Kuwait has appointed a new Oil Minister, 56-year-old Mohammed al-Baseeri, as part of its new 16-member cabinet unveiled on 8 May.

Al-Baseeri takes over from Sheikh Ahmad Abdullah al-Ahmad al-Sabah, a member of Kuwait’s ruling Al-Sabah family, who had been oil minister since February 2009. This follows the resignation of the government on 31 March, after members of parliament (MPs) moved to question three ministers from the ruling family in parliament.

The new cabinet has already faced criticism from parliament and MPs have vowed to question Prime Minister Sheikh Nasser Mohammed al-Ahmad al-Sabah. The cabinet includes five members of the Al-Sabah ruling family, who hold the key posts of defence, interior and foreign affairs.
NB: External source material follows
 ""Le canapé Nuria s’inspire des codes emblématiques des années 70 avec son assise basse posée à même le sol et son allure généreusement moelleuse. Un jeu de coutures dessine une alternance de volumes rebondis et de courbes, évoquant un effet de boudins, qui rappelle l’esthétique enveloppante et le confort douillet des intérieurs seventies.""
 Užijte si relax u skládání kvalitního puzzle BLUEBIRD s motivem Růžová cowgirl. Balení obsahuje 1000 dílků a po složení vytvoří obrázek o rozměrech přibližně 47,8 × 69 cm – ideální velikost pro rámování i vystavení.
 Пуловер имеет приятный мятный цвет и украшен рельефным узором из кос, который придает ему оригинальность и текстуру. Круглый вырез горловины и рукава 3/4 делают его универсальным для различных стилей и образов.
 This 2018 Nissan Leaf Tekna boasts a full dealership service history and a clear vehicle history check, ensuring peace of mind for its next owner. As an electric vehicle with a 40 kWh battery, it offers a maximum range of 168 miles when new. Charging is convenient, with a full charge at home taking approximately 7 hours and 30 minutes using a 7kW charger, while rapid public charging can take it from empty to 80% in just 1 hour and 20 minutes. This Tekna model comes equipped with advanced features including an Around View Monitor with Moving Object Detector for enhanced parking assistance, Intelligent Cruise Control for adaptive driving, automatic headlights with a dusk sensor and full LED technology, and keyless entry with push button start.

The US educated Al-Baseeri, a former member of the Islamic Constitutional Movement (ICM), was appointed Minister of Communications in May 2009, just a decade after first becoming an MP.

Al-Baseeri will oversee a sector with spending plans of more than $90bn over the next five years, as the country attempts a renewed push to launch major enhanced oil recovery projects, as well as increasing domestic gas production. One of his biggest challenges will be to kick-start Kuwait’s stalled refining projects (MEED 29:11:10).
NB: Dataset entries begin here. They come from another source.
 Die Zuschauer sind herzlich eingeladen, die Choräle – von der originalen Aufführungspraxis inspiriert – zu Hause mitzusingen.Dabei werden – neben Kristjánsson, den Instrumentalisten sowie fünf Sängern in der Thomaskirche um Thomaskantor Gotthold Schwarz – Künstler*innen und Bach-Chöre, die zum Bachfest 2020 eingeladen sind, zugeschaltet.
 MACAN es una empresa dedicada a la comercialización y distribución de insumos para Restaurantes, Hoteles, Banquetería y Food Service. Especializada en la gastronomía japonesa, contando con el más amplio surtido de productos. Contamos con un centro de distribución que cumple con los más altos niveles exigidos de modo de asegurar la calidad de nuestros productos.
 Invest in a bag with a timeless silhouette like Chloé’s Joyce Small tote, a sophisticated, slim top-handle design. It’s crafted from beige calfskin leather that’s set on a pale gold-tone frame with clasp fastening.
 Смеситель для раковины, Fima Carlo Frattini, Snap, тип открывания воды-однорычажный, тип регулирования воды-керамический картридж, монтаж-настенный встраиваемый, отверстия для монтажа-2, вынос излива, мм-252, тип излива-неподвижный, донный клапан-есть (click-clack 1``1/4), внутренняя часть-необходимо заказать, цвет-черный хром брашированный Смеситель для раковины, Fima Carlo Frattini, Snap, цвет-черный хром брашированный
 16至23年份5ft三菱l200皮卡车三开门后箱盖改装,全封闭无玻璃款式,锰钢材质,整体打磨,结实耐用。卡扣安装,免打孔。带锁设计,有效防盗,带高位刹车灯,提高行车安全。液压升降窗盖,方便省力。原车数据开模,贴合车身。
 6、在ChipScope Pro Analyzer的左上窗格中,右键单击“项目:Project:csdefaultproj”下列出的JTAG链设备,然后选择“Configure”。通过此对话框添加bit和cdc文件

One of Al-Baseeri’s first tasks will be to speed up attempts to fill the key positions in the subsidiaries of Kuwait Petroleum Corporation (KPC), which have been vacant for about eight months. State-refiner Kuwait National Petroleum Company (KNPC) has been without a head since the departure of Farouk al-Zanki, who was appointed chief executive of KPC in October last year.

Kuwait’s attempts to revitalise and grow its oil and gas industry over the past 15 years have been constantly frustrated by political deadlock. Despite the new appointment, little is likely to change, say oil analysts in the country.

In reality, control rests with the Supreme Petroleum Council (SPC), the country’s highest oil decision-making body. The body is yet to make a final decision on two refining projects worth more than $30bn, which would overhaul the downstream sector. The $15bn new refinery project has been delayed since 2007, after opposition MPs claimed there were irregularities in the contract award process. However, the SPC has not met for several months.